• **TASK**
Find the line in the entries below that contains "No próximo dia". Repeat it exactly, and every line after it through the line that contains "穴あき落し蓋を使って調理している様子、ご覧ください。".

• **PROVIDED DATA**
::::

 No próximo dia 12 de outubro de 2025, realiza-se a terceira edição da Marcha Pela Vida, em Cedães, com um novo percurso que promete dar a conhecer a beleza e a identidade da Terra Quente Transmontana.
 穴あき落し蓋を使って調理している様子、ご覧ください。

::::

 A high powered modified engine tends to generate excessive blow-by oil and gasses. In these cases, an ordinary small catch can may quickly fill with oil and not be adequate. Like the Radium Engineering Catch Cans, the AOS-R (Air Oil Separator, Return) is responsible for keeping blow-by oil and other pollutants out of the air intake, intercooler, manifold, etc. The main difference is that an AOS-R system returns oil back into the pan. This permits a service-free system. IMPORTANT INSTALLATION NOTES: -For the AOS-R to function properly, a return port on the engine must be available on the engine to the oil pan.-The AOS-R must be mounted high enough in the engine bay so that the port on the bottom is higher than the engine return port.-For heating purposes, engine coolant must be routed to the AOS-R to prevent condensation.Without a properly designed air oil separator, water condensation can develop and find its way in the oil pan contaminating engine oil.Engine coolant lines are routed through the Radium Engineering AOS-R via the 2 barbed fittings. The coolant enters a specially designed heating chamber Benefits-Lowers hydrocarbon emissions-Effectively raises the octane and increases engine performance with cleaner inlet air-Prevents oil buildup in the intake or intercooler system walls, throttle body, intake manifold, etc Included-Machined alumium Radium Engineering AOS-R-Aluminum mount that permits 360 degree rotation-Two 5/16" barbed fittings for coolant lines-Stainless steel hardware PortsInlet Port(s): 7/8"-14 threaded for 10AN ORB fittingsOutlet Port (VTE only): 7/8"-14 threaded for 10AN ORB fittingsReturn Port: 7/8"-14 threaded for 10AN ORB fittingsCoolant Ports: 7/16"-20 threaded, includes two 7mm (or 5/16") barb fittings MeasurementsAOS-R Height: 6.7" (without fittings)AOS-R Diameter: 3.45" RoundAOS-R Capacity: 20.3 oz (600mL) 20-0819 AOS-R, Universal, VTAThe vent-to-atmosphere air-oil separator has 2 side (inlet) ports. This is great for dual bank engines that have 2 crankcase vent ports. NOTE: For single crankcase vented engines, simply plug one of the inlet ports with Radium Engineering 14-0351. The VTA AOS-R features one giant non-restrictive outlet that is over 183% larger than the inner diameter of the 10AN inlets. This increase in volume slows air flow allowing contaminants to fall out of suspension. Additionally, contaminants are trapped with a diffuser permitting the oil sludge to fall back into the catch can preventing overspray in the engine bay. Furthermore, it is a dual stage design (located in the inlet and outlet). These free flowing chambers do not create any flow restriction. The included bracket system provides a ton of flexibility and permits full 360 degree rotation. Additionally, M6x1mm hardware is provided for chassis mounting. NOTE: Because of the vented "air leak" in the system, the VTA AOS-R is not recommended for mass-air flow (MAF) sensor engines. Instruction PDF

::::

• **ANSWER BELOW**
 No próximo dia 12 de outubro de 2025, realiza-se a terceira edição da Marcha Pela Vida, em Cedães, com um novo percurso que promete dar a conhecer a beleza e a identidade da Terra Quente Transmontana.
 穴あき落し蓋を使って調理している様子、ご覧ください。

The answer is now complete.